Plans for the new eight-level project in Auckland. Photo / Auckland Council
A local subsidiary of an ASX-listed company with a $16.8 billion (A$15.2b) market capitalisation is planning to demolish a line of one- to three-level Auckland buildings and replace them with a new eight-storey block.
In 2020, Auckland Council granted consent for the project, leaving the only regulatory hurdle being theability to swing two huge cranes on the site.
That has now been applied for.
Scentre (NZ), owned by the listed giant Sydney-headquartered Scentre Group, is moving forward with plans to super-size leafy, quiet Nuffield St between Broadway and Remuera Rd.
The business spent more than $790 million expanding Westfield Newmarket, with its holdings on Nuffield St pitched as more of a boutique, alfresco retail offering.
Scentre’s plans for upsizing buildings on that side of the precinct more than double its real estate holdings. It will build only on one side of Nuffield St, towards the Remuera side.
Its consent documents explain what it’s about to do: “The demolition of the entire block of buildings at 7-37 Nuffield St and the construction of an eight-storey building with a mix of commercial, retail and food and beverage outlets at ground level and offices for the upper seven storeys, along with associated earthworks, discharge of contaminants and servicing and access arrangements.”
Scentre doesn’t own the sites but leases them from Tramlease, connected to Viaduct Harbour Holdings.
The sites to be developed are between Nuffield Lane, Nuffield St and Balm St. The site is 2964sq m, the consent says.
Permission was granted on September 22, 2020 for a commercial building of eight storeys, with a mix of offices, shops and food-and-beverage outlets at ground level.
Offices only are planned for the upper seven storeys, not apartments.
“The existing buildings on the site comprise a variety of predominantly single-level commercial buildings accommodating a combination of retail and food-and-beverage tenancies, with that part of the site at the corner of Balm St and Nuffield Lane occupied by a three-storey building with offices above the ground level retail tenancy,” the consent document says.
But Scentre needs notified consent to swing two enormous tower cranes over the land during construction, hence it applied in November to breach protected volcanic view shafts with its cranes.

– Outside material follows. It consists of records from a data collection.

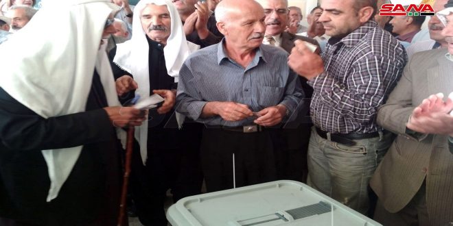 يواصل المواطنون من محافظة السويداء التوافد بكثافة إلى المراكز الانتخابية للإدلاء بأصواتهم في انتخابات رئاسة الجمهورية بمن فيهم رجال الدين.
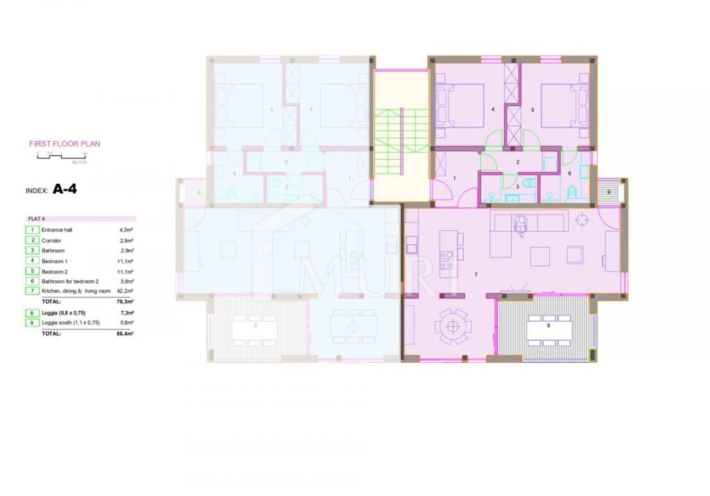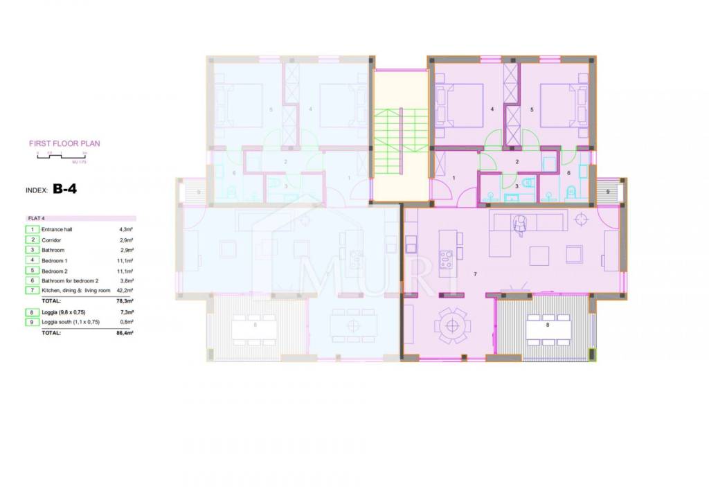 Prostrani dnevni boravak otvorenog koncepta povezuje kuhinju, blagovaonicu i dnevni dio, s izlazom na lođu – savršeno mjesto za opuštanje na svježem zraku. Tri udobne spavaće sobe, od kojih dvije imaju vlastitu kupaonicu Elegantna glavna kupaonica (s kvalitetnim završnim obradama. Ulazni hodnik i unutarnji hodnik za funkcionalan raspored prostora. Dvije lođe nude dodatni prostor za uživanje na otvorenom. Udobnost i suvremeni standardi
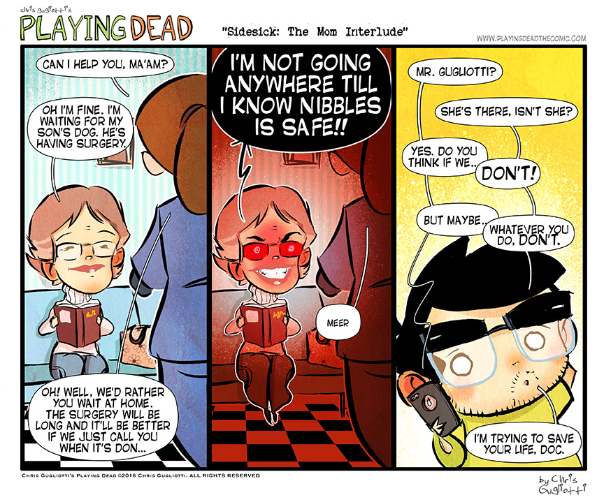 Sidesick: The mom Interlude by cgugliotti on March 29, 2016 at 9:00 am Chapter: comics In which you never tell my mother what to do. HELP NIBBLES FUND └ Tags: anxiety, autobiographical, chris gugliotti, comic, comic strip, dachshund, dog, dog care, friendship, Grandmother, grandmothers, health, healthcare, introspection, life, man's best friend, mother, mothers, mothers love, nibbles, nibbles the dachshund, pet, pet care, playing dead, sick dog, web comic, Web comics, webcomic, webcomics
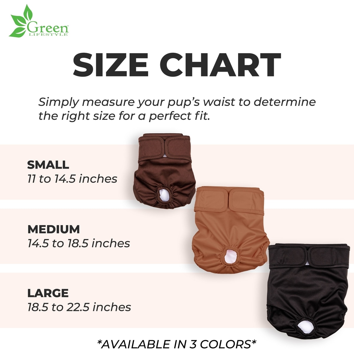 Green Lifestyle Washable Dog Diapers, 3 count, Assorted Colors, Large: 18.5 to 22.5 -in waist
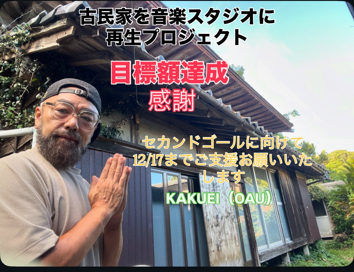 2025/11/28 10:49目標金額達成しました!!これもひとえに支援者様のおかげです。本当にありがとうございます。感謝。クラファンのご支援の終了期限が12/17(水)までありますので、セカンドゴールを設定し期限までご支援のお願いを継続します。しかし嬉しい。当初は不安ばかりでしたが、こうして結果が出ると自分の自信につながり、皆様への愛も感じ、ありがたい気持ち満タンです。まだ何も終わってないので感傷に浸る時間でなく、今後も気持ちを引き締めて古民家再生、クラファンに注力していきます。感謝 KAKUEI もっと見る
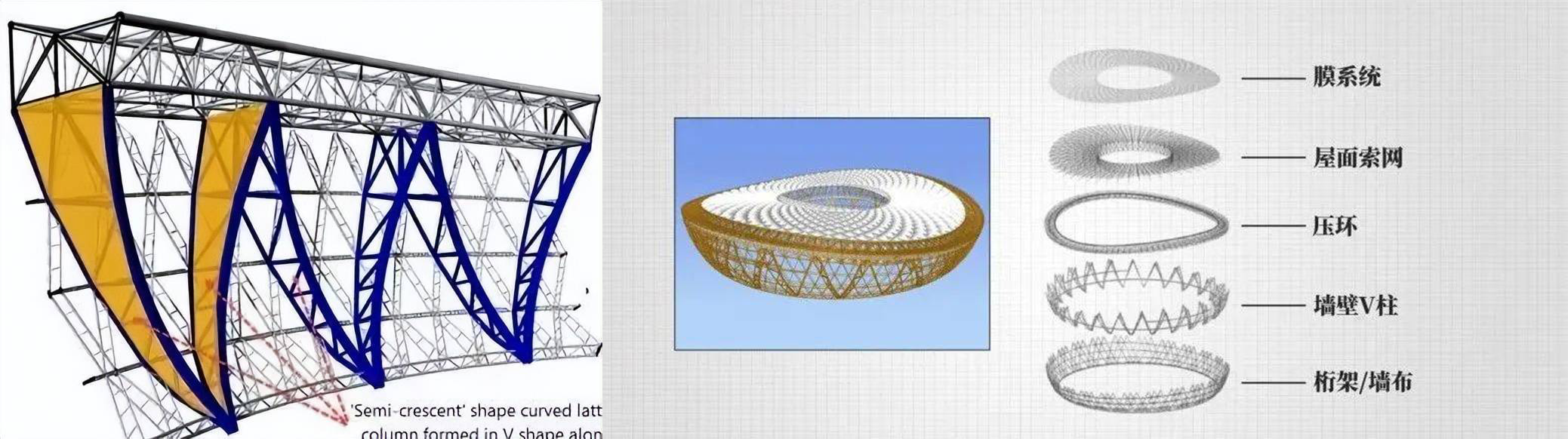 盧賽爾體育館是全球最大跨度雙層交叉索網(wǎng)屋面單體建筑,并且有著世界上最復雜的索膜結構體系,屋面索網(wǎng)結構跨度達274米,鋼結構高空吊裝最大的單體重達450噸,懸挑距離為76米,項目包含30多個專業(yè)大類,45個專項設計,99個電子系統(tǒng),可以說是目前為止專業(yè)接口最多、技術最先進的體育場館。
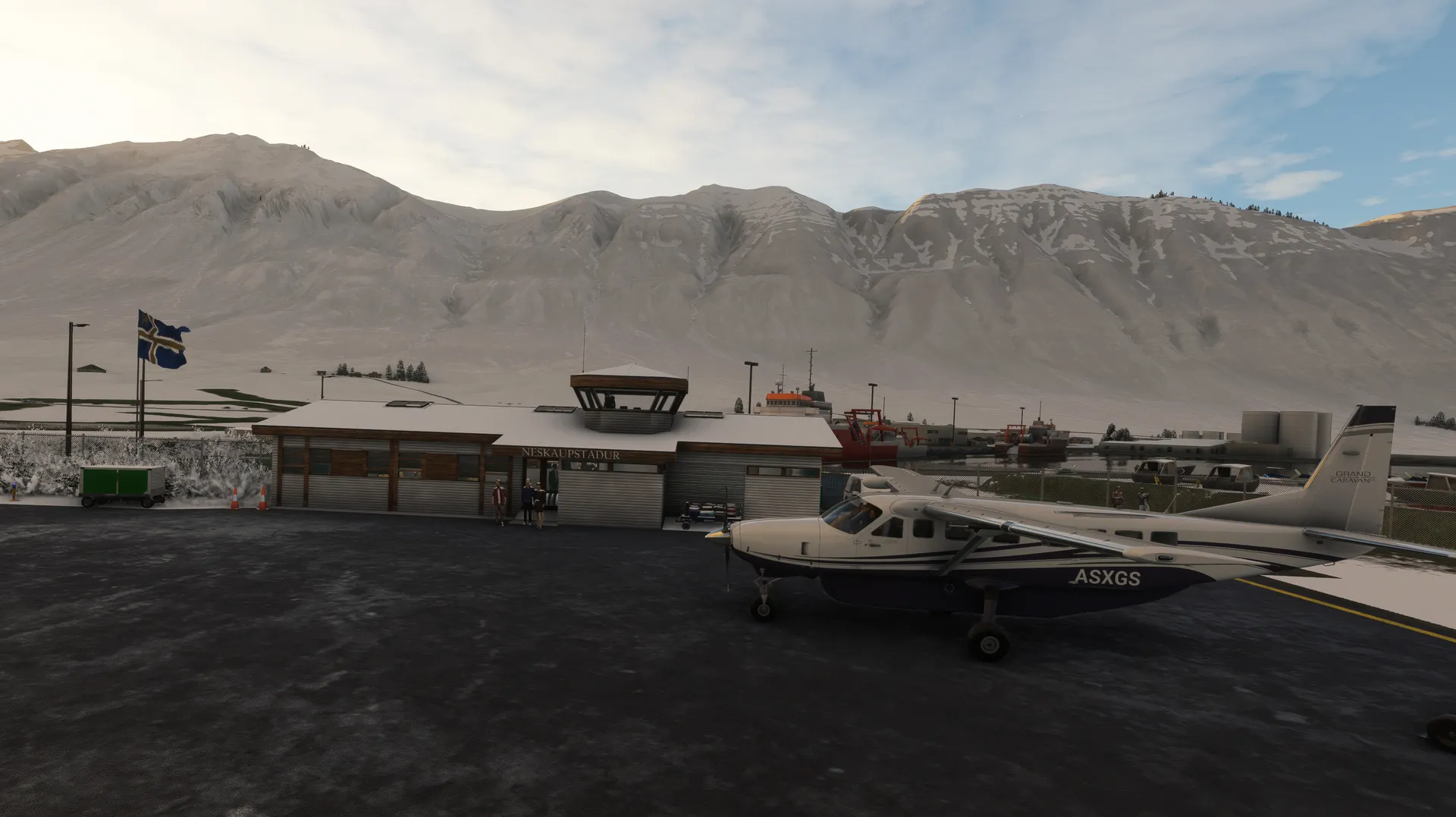 Norðfjörður Airport (BINF) is a small civil airport serving Neskaupstaður, Iceland, with a single short runway, low elevation, and an NDB (NF) for navigation
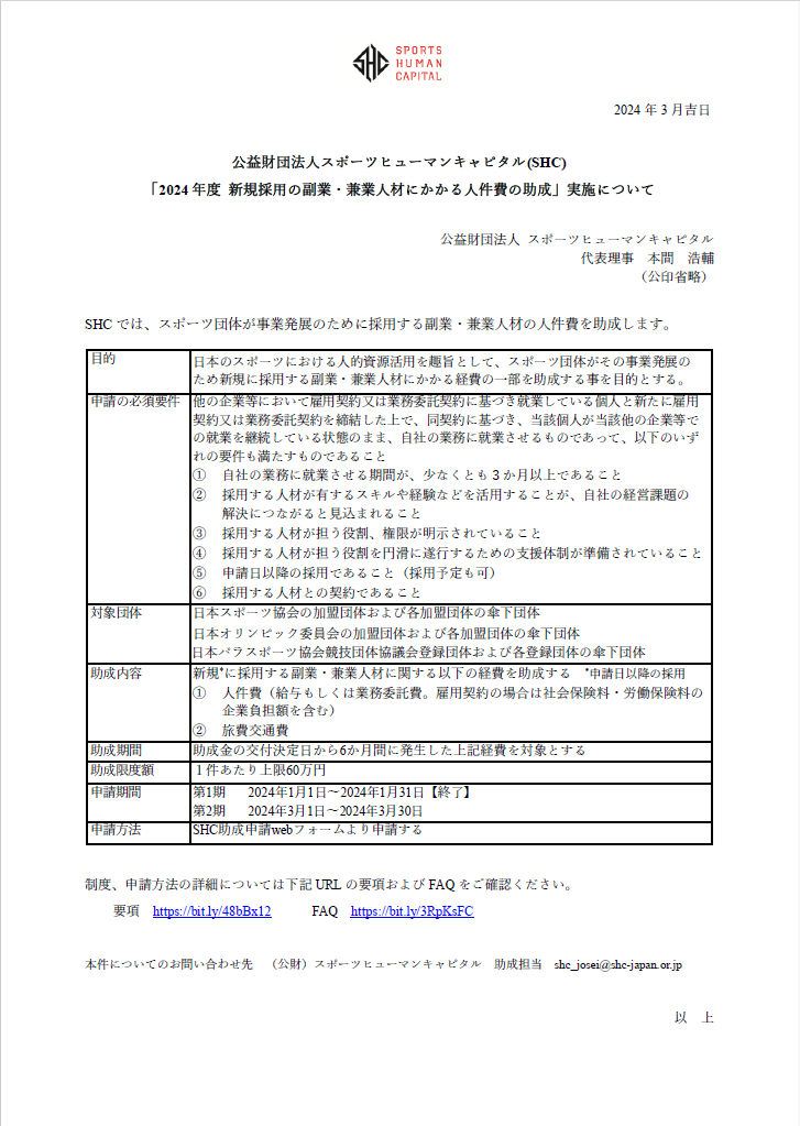 (公財)スポーツヒューマンキャピタル 助成担当 shc_josei@shc-japan.or.jp
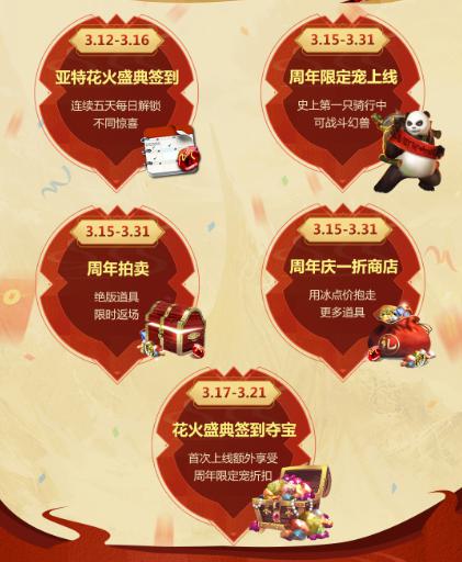 在本次周年庆中,丰厚的免费福利将让翘首以盼的玩家们激动不已。“亚特花火盛典签到”活动将为所有玩家贡献每日登陆豪礼,3月12日-3月16日期间登陆即可领取免费礼包,每天登陆惊喜福利各不相同,不但有海量金币、魔石免费送,也少不了超级经验值的奖励加持,助力神选者们等级、颜值全线升级!
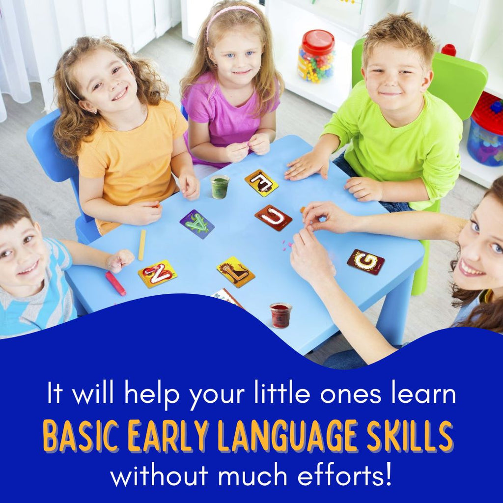 Contains: 26 Alphabet Cards, 5 Extra Vowel Cards, 1 Blank wild Card + 4 non-toxic dough + 1 shaping tool
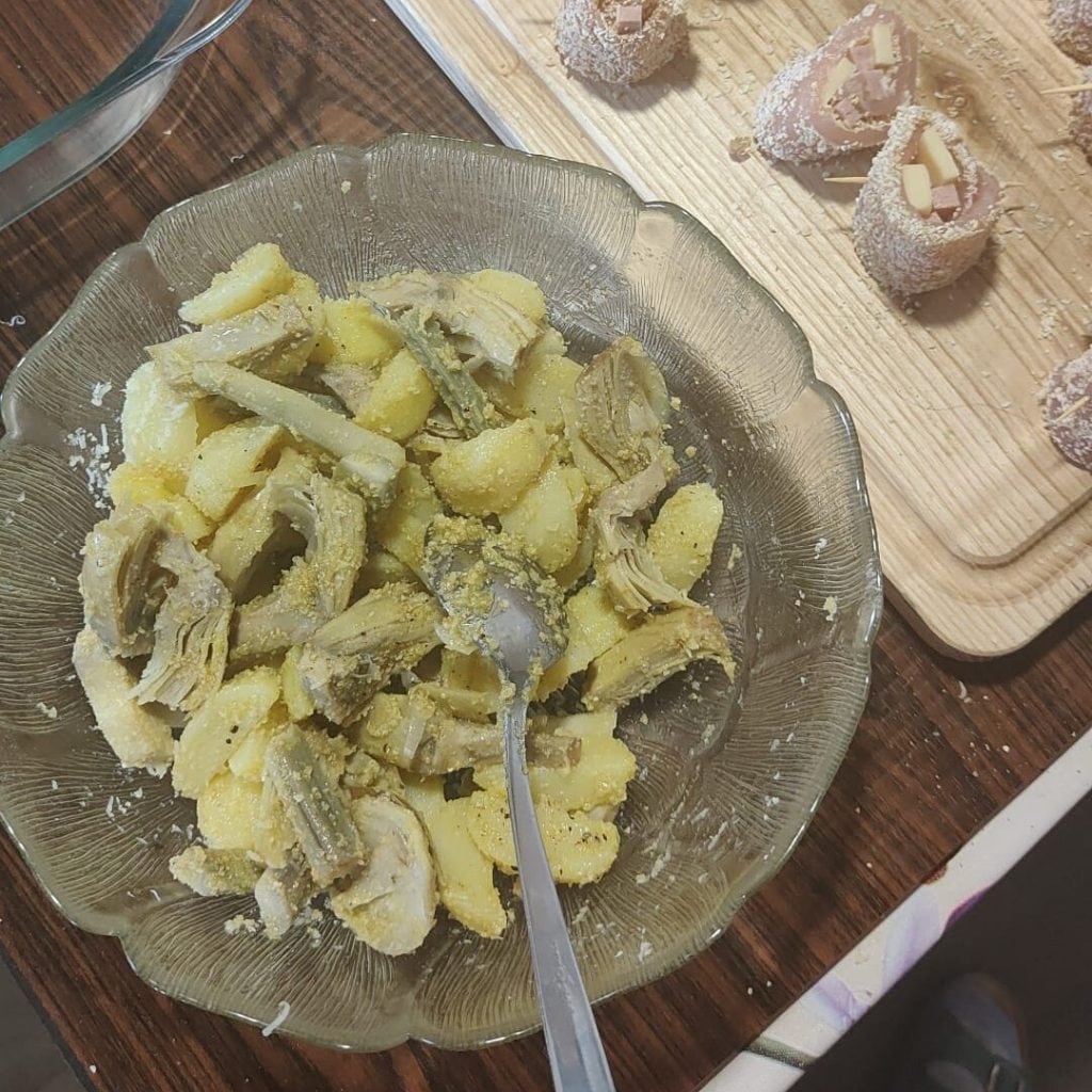 • Pendant ce temps, mettez les pommes de terre coupées et les artichauts coupés dans un bol, ajoutez la chapelure, le fromage râpé, le sel et le poivre, et mélangez.
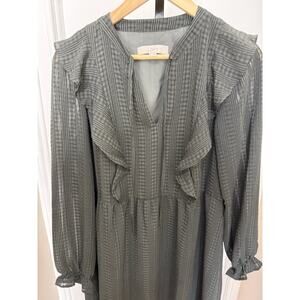 LOFT Women's Green Textured Long Sleeve Ruffle Keyhole Neckline Dress Size M
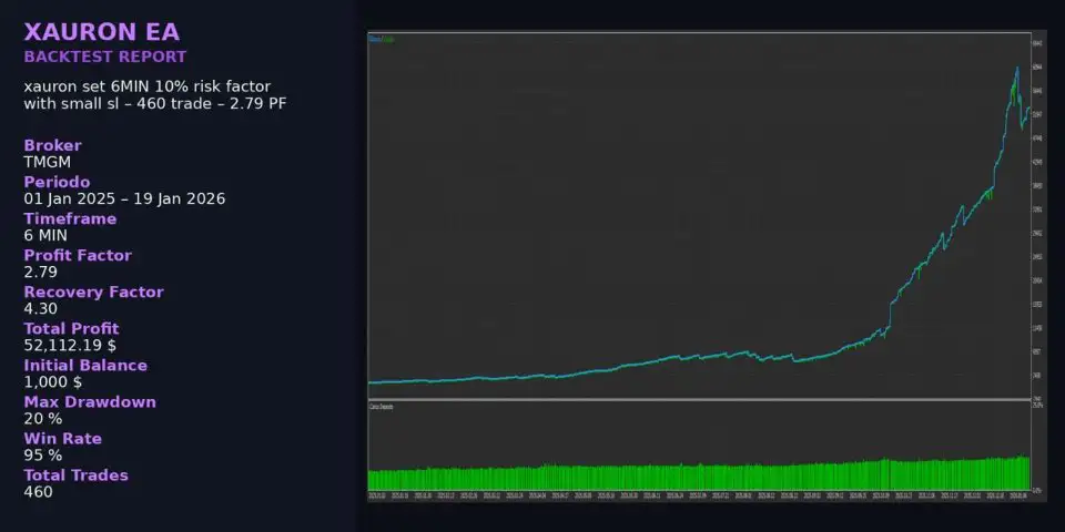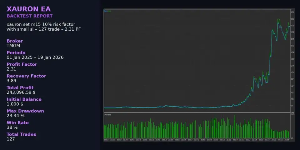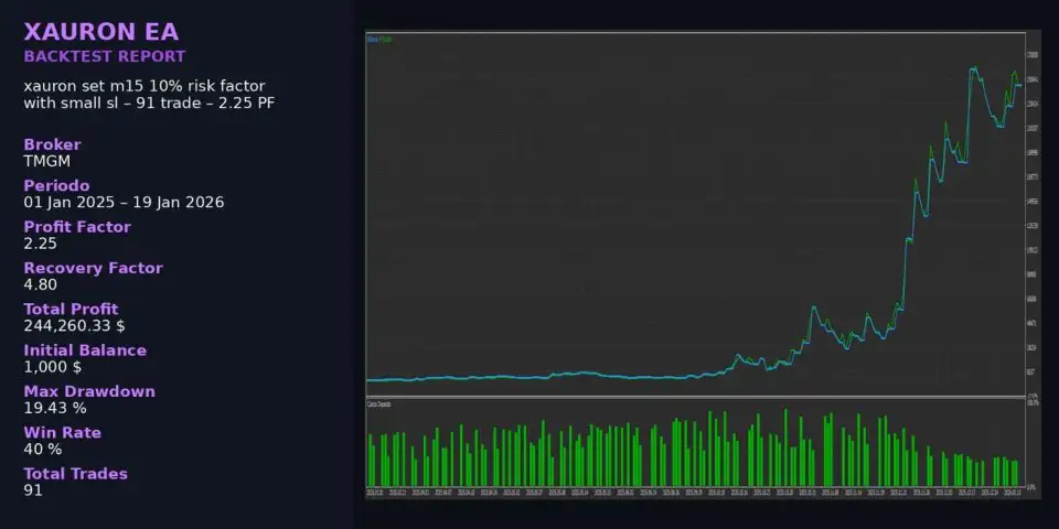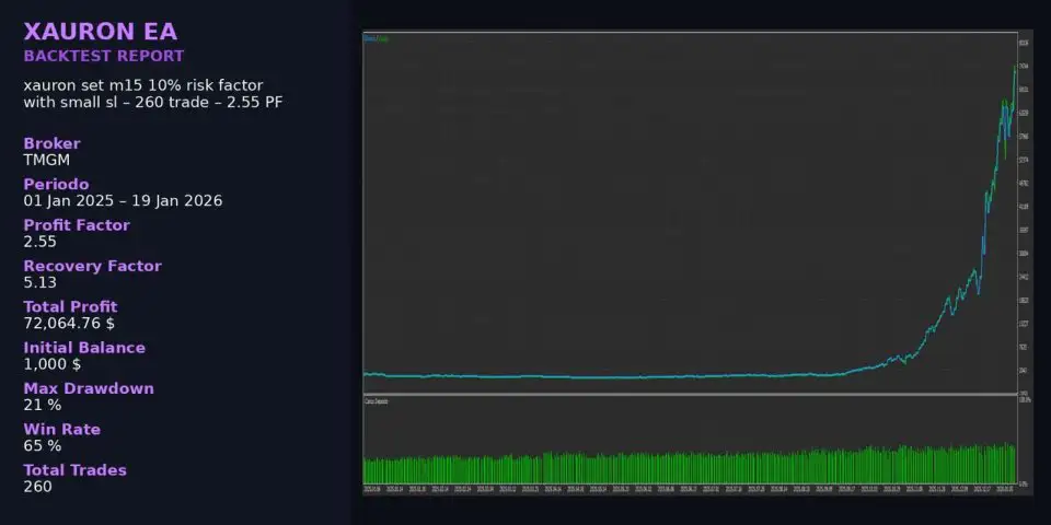 این اکسپرت بهصورت پویا شرایط بازار را تحلیل میکند تا تغییرات احتمالی مومنتوم و فرصتهای بریکاوت را شناسایی کند. با ادغام چندین فیلتر تحلیلی، XAURON تلاش میکند تنها در شرایط با احتمال موفقیت بالا وارد معامله شود و در عین حال پارامترهای ریسک مشخصی را حفظ کند.
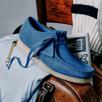 Step out in style with the vibrant Wallabee™ Seasonal Suedes, a fresh take on the iconic Wallabee™ designed to bring color and comfort to your wardrobe. The signature moccasin construction and hand-stitched apron seam ensure long-lasting comfort, while maintaining the classic Wallabee™ silhouette. - Steads blue suede upper - Two FOBS – Clarks Originals and Wallabee™ - Tow laces – Tonal first lace and second fleck lace - Natural pebble crepe - Clarks Originals logo foil embossed on sock - Moccasin construction - Hand stitched apron seam Materials Upper Material: Suede Lining Material: Unlined Sole Material: Crepe Midsole Material: EVA Fastening Type: Lace Sock Material: Leather

So that application has become fully notified and people have till Monday, February 20, to make their views known.
The application is to install and operate two luffing cranes to enable the construction of consented retail and commercial developments.
Title details show a mortgage over the property to ASB Bank and a leasehold term of 99 years starting in 2000. Tram Lease is listed as the owner of the freehold title.